Rowan has explained repeatedly to her mum that my step-dad has gone for good, but she is still not allowed to visit, which is fine with me, even if I’m mortified by the reason for it.
So, at this precise moment, I’m in the cupboard in the hall, earplugs in and the radio blaring, reading Anne of Green Gables for the umpteenth time. Anne always says exactly what she’s thinking, which both impresses and appals me, and I can totally sympathise with her red hair issues. The words are bouncing about on the page though, as they always do when I’ve got a headache, so I close the book and sit and think about my troublesome family.

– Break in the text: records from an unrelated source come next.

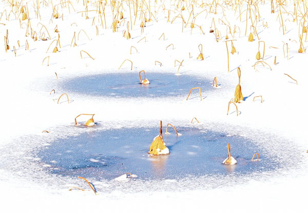 我的攝影創(chuàng)作圍繞生命的痕跡、時(shí)間的隱喻兩個(gè)主題。在《嘉實(shí)擷芳·野圃瑤音》中,菜園的微觀生態(tài)被賦予交響樂般的節(jié)奏——葫蘆藤的螺旋曲線是生命的律動(dòng),西紅柿根莖的垂直排列是生長的秩序,蚜蟲蝕痕的細(xì)節(jié)則暗喻生態(tài)的共生與抗?fàn)。而在《澄漪棹?middot;沙月溯光》里,榮成海岸的冬夏對比成為時(shí)間的隱喻,結(jié)冰湖面上的凋敗蓮蓬是流逝凝固的時(shí)光,夏日海邊的金色水洼則是流動(dòng)的永恒。我癡迷于捕捉這種矛盾與共生——就像用冷暖色調(diào)碰撞出畫面的張力,也用虛實(shí)構(gòu)圖處理每一張照片,期待每一張照片是個(gè)性鮮明,讓人耳目一新。
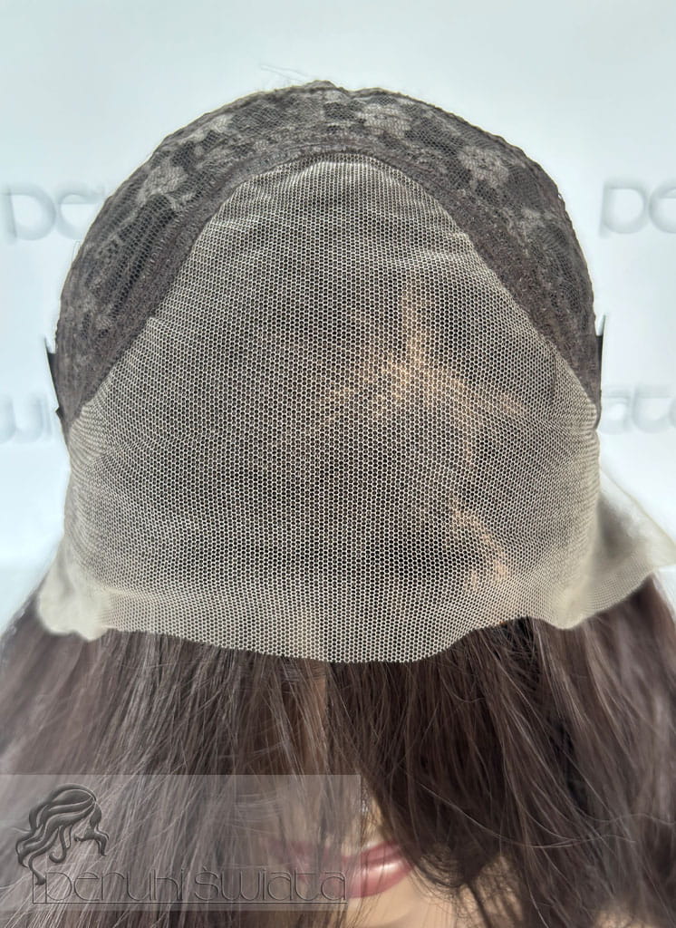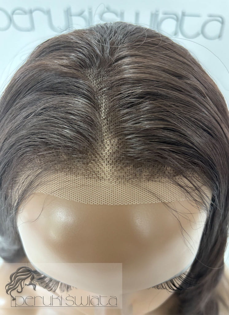 Czepek typu: full lace front (możliwość dowolnego zaczesania przedziałka w obrębie siateczki, podcięcia grzywki, efekt wyrastania włosów z głowy, rozmyta linia przednia peruki)
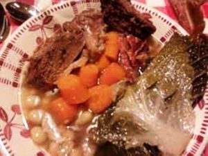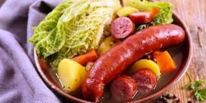 Les ingrédients de cette recette sont : viande de votre choix, dont du jarret de porc, poireaux, carottes, navets, chou vert, oignon, bouquet garni, sel, poivre…
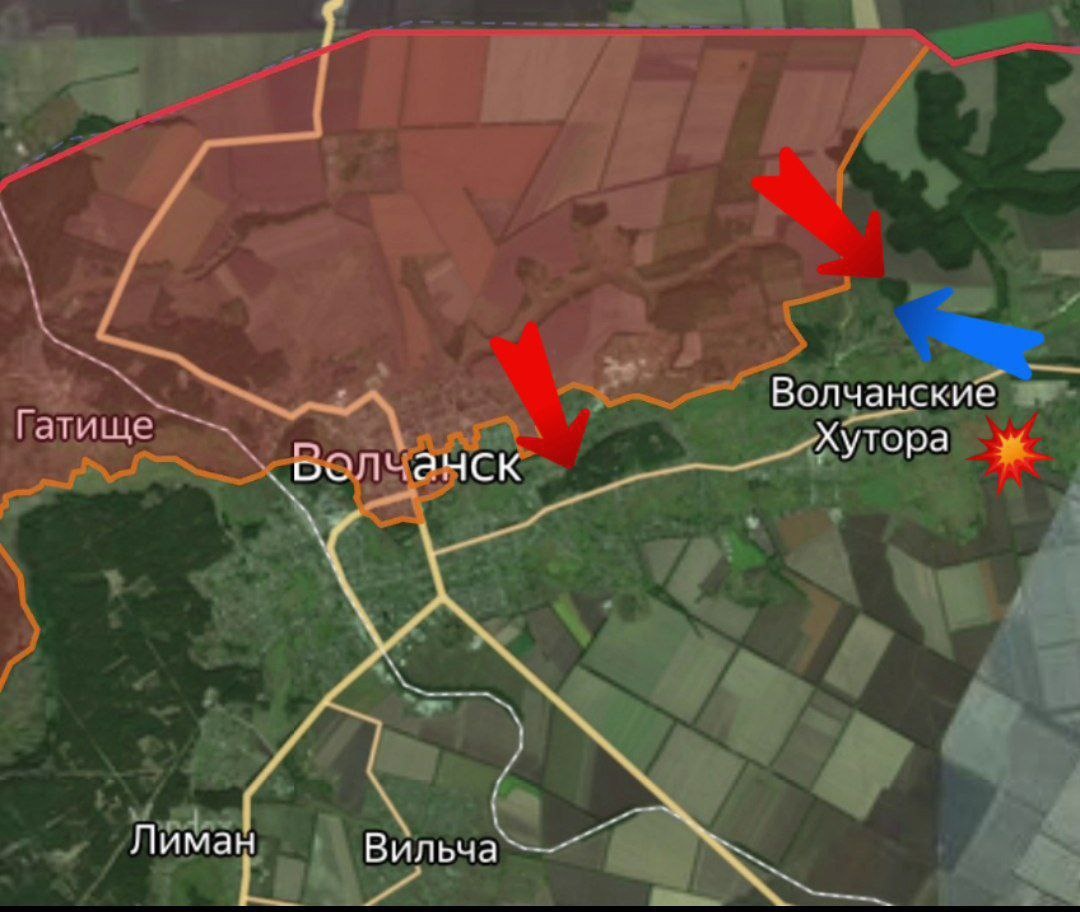 🔻 Также российские войска выбили противника из опорного пункта в районе села Волчанские Хутора и продвинулись вперёд по направлению к населённому пункту.
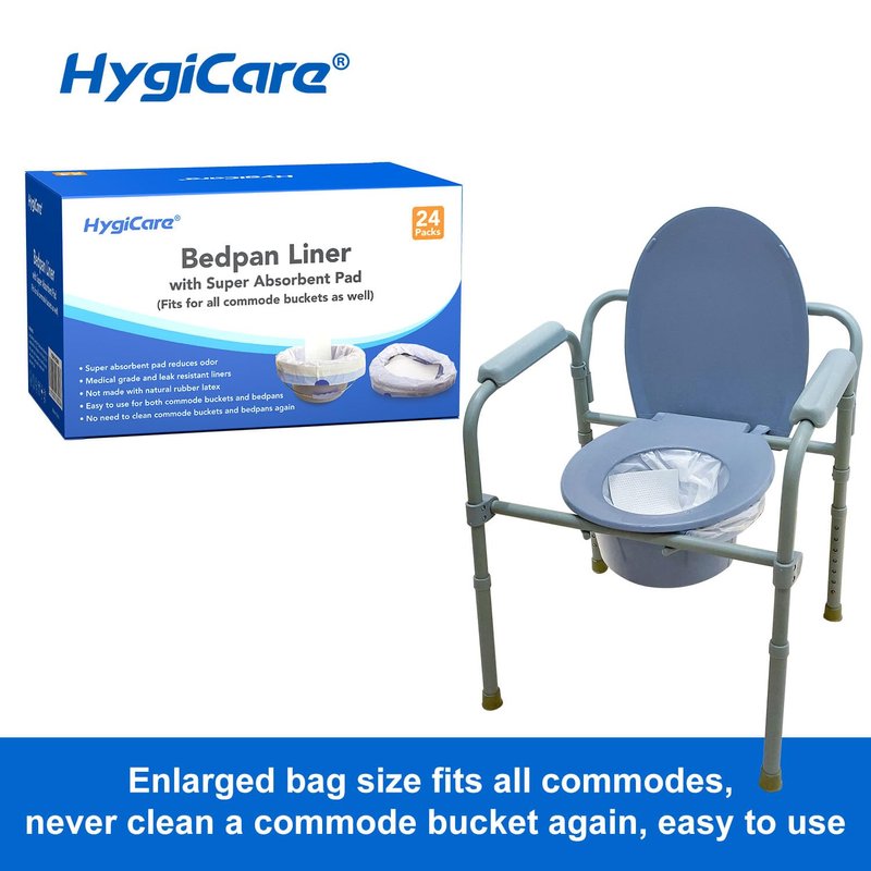 HygiCare Bedpan Liners with Super Absorbent Pads - 24 Count Universal Fit, Medical Grade, Leakproof, Odor Reducing, For Bedside Commodes

Jenna is probably still stropping about being forced to go to Millport for her summer holidays, leaving her beloved ‘bezzies’ behind. Bronx and Hudson will be squabbling over the remote or sitting glassy-eyed on the couch, watching Sponge Bob or Scooby Doo. Summer might be wailing, because nobody is paying her any attention. If she is, I will go and pick her up and play with her for a wee while. Somebody has to and it isn’t going to be Mum or Jenna at this rate. I put my book down, take my earphones out and listen intently.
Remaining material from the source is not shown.